Needs help for a wierd issue, Cylc started with a blank GUI and showed status with “stopped with submitted”
[cylc]
[scheduling]
[[dependencies]]
graph = "foo => BAR"
[runtime]
[[foo]]
script = "/usr/bin/sleep 10" # fast
[[[job]]]
batch system = background
[[BAR]]
[[[job]]]
batch system = pbs
[[[remote]]]
host = $(rose host-select "hpc")
[[[directives]]]
-l select=1:ncpus=40:mem=190GB
-l walltime=00:01:00
-q = workq
-W umask=022
{% for FC in FCTIMES %}
[[bar_{{FC}}]]
inherit = BAR
script = "aprun -n 40 /usr/bin/sleep 10"
[[[directives]]]
-N = bar_{{FC}}
{% endfor %}
This suite could run successfully previoursly.
it just recently failed to run and started with a blank GUI, like this
-
left lower corner status showed “stopped with submitted”
-
right lower corner status showed “not connected”
-
ps showed cylc daemon is still running
jliu 34801 0.1 0.0 1071716 40324 ? Sl 15:49 0:00 python2 /home/projects/17001770/app/cylc/cylc-flow-7.8.4/bin/cylc-run remote -vvv
jliu 34820 0.3 0.0 588544 74196 pts/12 Sl 15:49 0:01 python2 /home/projects/17001770/app/cylc/cylc-flow-7.8.4/bin/cylc-gui remote -
netstat showed it’s also listening on appropriate port, like this
jliu@elogin1:remote $ netstat -tulpn | grep 430
(Not all processes could be identified, non-owned process info
will not be shown, you would have to be root to see it all.)
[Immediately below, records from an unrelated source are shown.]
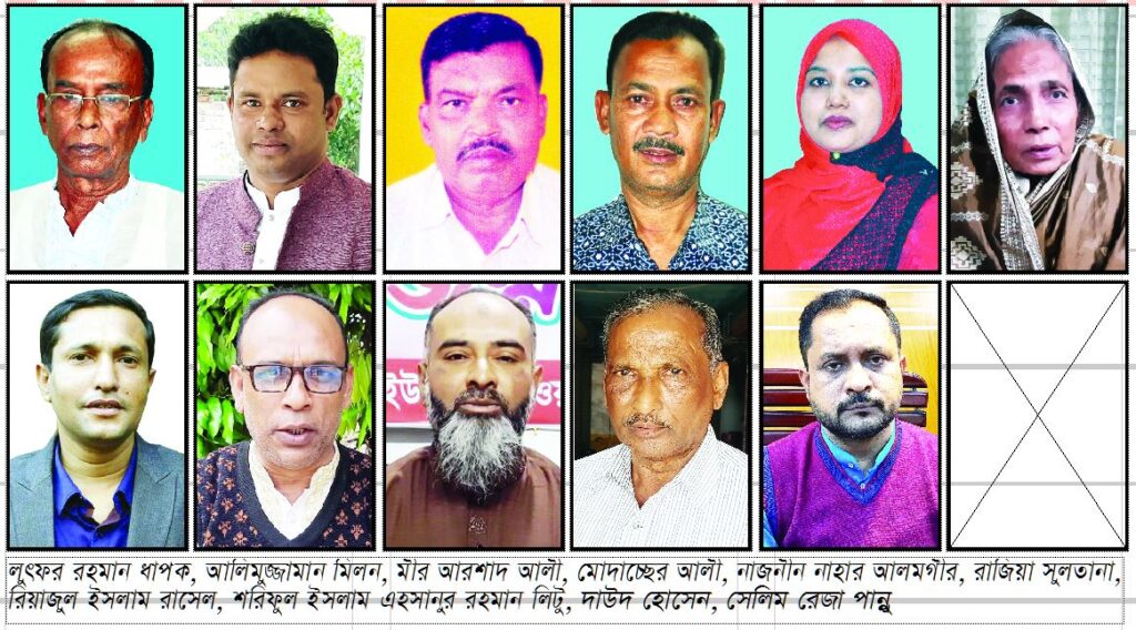 হাটশ-হরিপুর শম্পা মাহমুদ, বটতৈল এম এ মোমিন মন্ডল, আলামপুর আব্দুল হান্নান, আইলচারা মোতালেব হোসেন, উজানগ্রাম সাবুবিন ইসলাম, হরিনারায়নপুর মো. মহিউদ্দিন, পাটিকাবাড়ি সাইদুর রহমান, ঝাউদিয়া জহুরুল ইসলাম, আব্দালপুর আরব আলী, মনোহরদিয়া শহিদুল ইসলাম এবং গোস্বামীদূর্গাপুর লাল্টু মিয়া।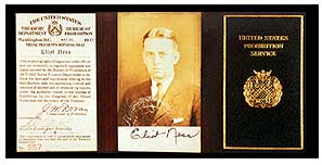 엘리엇 네스는 미국 재무부 금주국 요원으로 법 집행 경력을 시작했다. 허버트 후버 대통령의 지시에 따라 시카고의 악명 높은 갱스터 알 카포네의 볼스테드 법 위반 혐의를 수사하는 특별팀을 이끌게 되었다. 부패가 만연했던 시카고에서 네스와 그의 팀은 뇌물이나 협박에 굴하지 않아 "언터처블"(Untouchableseng)이라는 별명을 얻었다.[37] 네스 팀의 활동은 카포네 조직에 타격을 주었으나, 카포네는 주로 프랭크 J. 윌슨 등이 주도한 소득세 탈세 혐의로 유죄 판결을 받았다.[38][39][40] 네스의 역할에 대해서는 그의 자서전을 통해 대중에게 알려진 것과 달리 과장되었다는 평가도 존재한다.[37] 카포네 체포 후 FBI 입성을 희망했으나, 당시 국장이었던 J. 에드거 후버와의 관계 때문에 좌절되었다고 알려져 있다.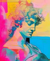 Moderne herinterpretatie van klassieke beeldhouwkunst, geïnfuseerd met levendige, neonkleurige tinten die een krachtig contrast vormen met de traditionele, monochrome uitstraling van marmer. De klassieke kenmerken van het beeld zijn verfijnd en gedetailleerd, terwijl de abstracte, kleurrijke achtergrond een eigentijdse draai geeft en het historische met het hedendaagse vermengt. Dit stuk kan gezien worden als een dialoog tussen het verleden en het heden, waarbij het de tijdloze schoonheid van klassieke kunst viert en tegelijkertijd een moderne, levendige energie uitstraalt.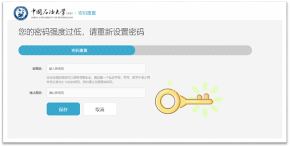 1.当用户密码为简单密码时,登录数字石大时,会直接进入修改密码界面。输入符合密码强度要求(包含字母、数字、符号,且长度为8-16位的密码)的新密码。
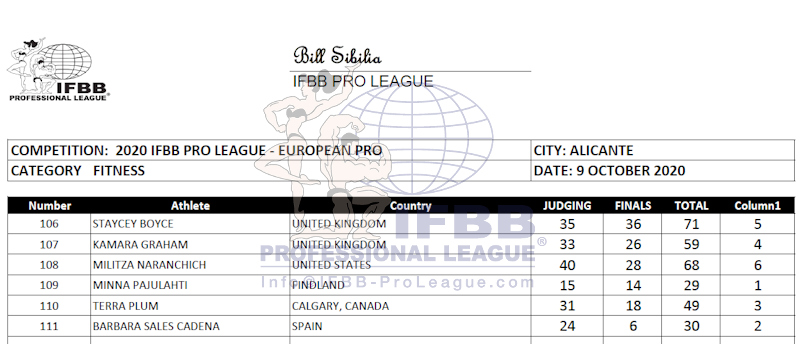 Finaalissa ei enää tehdä mitään fysiikka vertailuja. Eli kun ensin on fysiikka kierros, tämän jälkeen ei enää fysiikkaa arvioida. Muutama vuosi sitten pisteet menivät 50/50 mutta arviointia muutettiin niin että fysiikka on vain 30 ja vapari 70. Itse vähän kritisoin tätä kun kyseessä on kuitenkin fysiikkalaji eikä tanssi tai voimistelu. Se että joku on kireässä ja lihaksikkaassa kunnossa ja suorittaa vapaaohjelman on omasta mielestäni se fitneksen juttu. Ja on myös ihan eri asia jos vapaaohjelman tekee 50kiloinen voimistelija tyttö.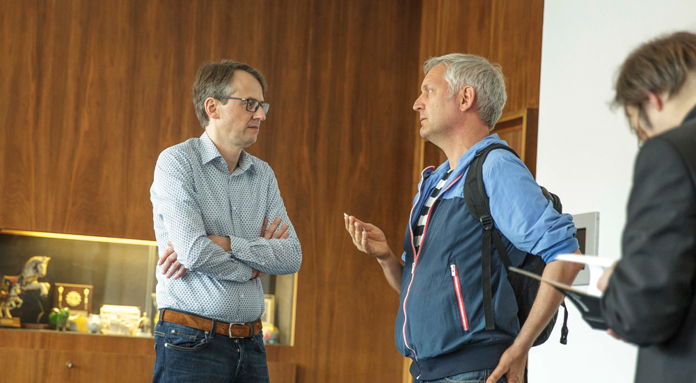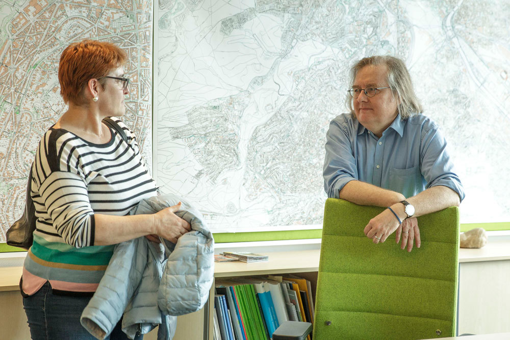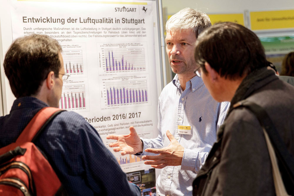 Stadtklimatologe Dr. Ulrich Reuter, Wolfgang Forderer, Leiter der Abteilung Mobilität und Uwe Schickedanz, Leiter der Niederlassung Stuttgart vom Deutschen Wetterdienst, stellten sich in einem Experten-Talk den Fragen der Bürger zur Luft und nachhaltigen Mobilität in Stuttgart. Die Diskussion wurde live ins Internet übertragen und ist zu sehen unter:www.schawa.tv/experten-talk

tcp 0 0 10.8.0.5:43054 0.0.0.0:* LISTEN -
tcp 0 0 10.8.0.5:43032 0.0.0.0:* LISTEN -
tcp 0 0 10.8.0.5:43041 0.0.0.0:* LISTEN 34801/python2
tcp 0 0 10.8.0.5:43051 0.0.0.0:* LISTEN - -
log/job/1/foo/NN/job.status showed ‘foo’ is successful , but the job.err showed this error message
2020-03-30T15:49:14+08:00 WARNING - Message send failed, try 1 of 7: Cannot connect: https://elogin1:43041/put_messages: HTTPSConnectionPool(host=‘elogin1’, port=43041): Max retries exceeded with url: /put_messages (Caused by SSLError(SSLError(“bad handshake: SysCallError(104, ‘ECONNRESET’)”,),))
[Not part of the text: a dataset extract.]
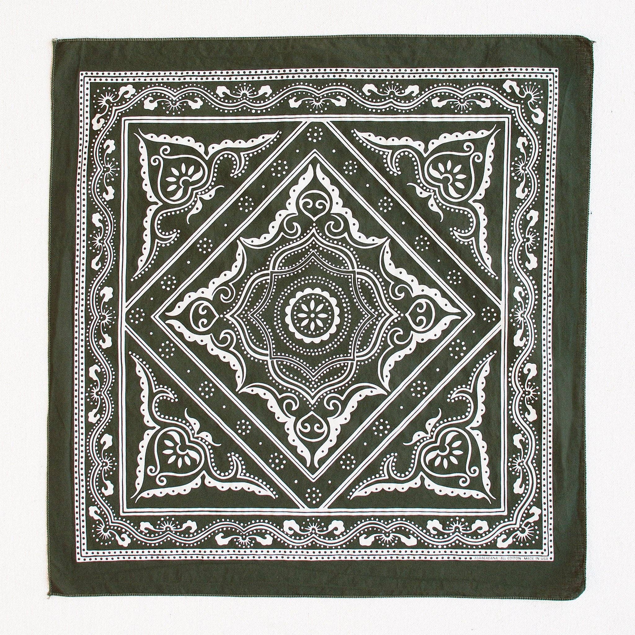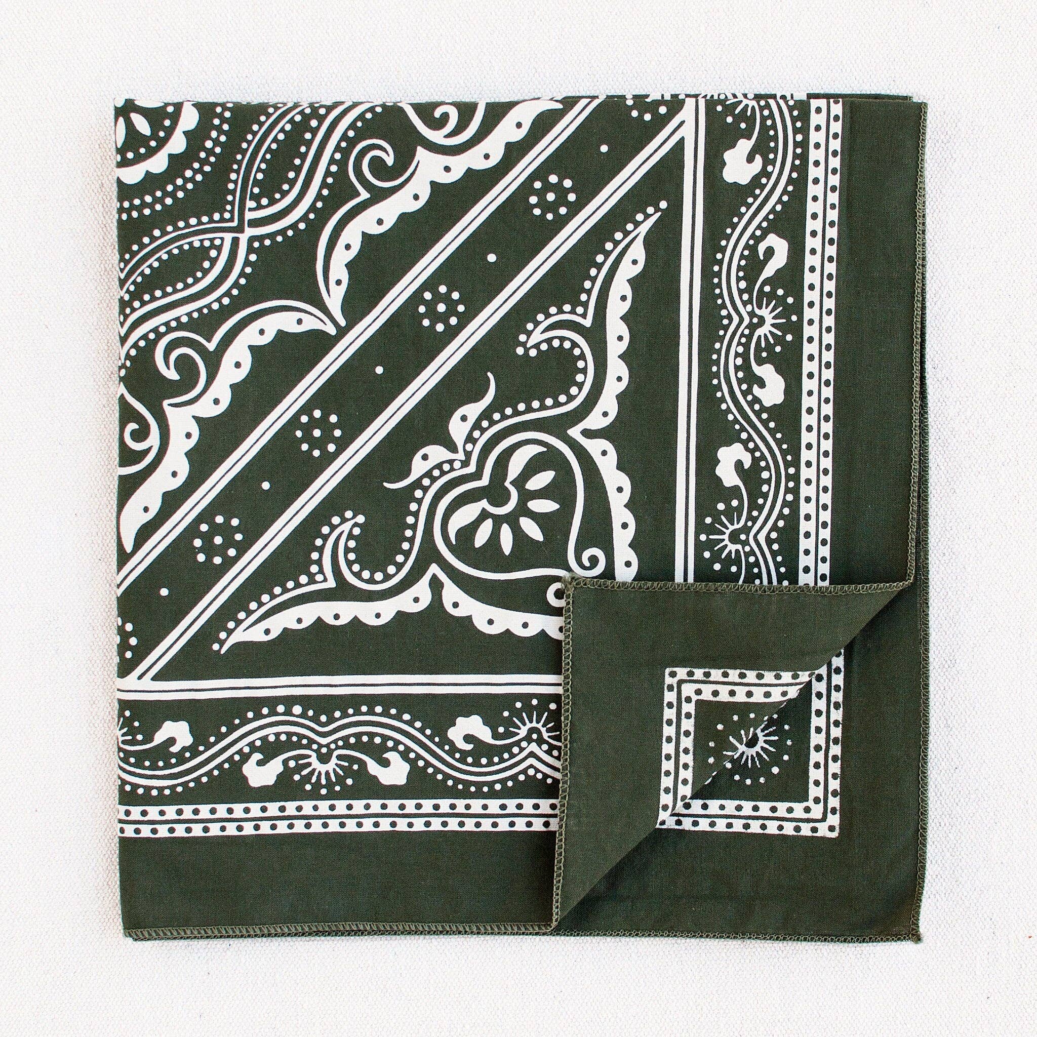 Made from tightly woven, 100% cotton quilting fabric with a rolled hem. • Hand screen printed with a soft print that's 'in' vs. 'on' the fabric, won't wash out or fade. • Pre-washed and pressed, these bandanas become softer after each trip through the laundry. • Measures approximately 21” x 21”, or 53 x 53 cm. • Made in USA.

retry in 5.0 seconds, timeout is 30.0 -
The rest tasks never were triggered.
-
if run ‘cylc graph remote’, it could plot the run-time graph without any problem.
-
Here are suite log
2020-03-30T15:49:11+08:00 DEBUG - Reading file /home/users/gov/nea/jliu/cylc-run/remote/suite.rc
2020-03-30T15:49:11+08:00 DEBUG - Processing with Jinja2
2020-03-30T15:49:11+08:00 DEBUG - Processed configuration dumped: /home/users/gov/nea/jliu/cylc-run/remote/suite.rc.processed
2020-03-30T15:49:11+08:00 DEBUG - Section already encountered: [cylc]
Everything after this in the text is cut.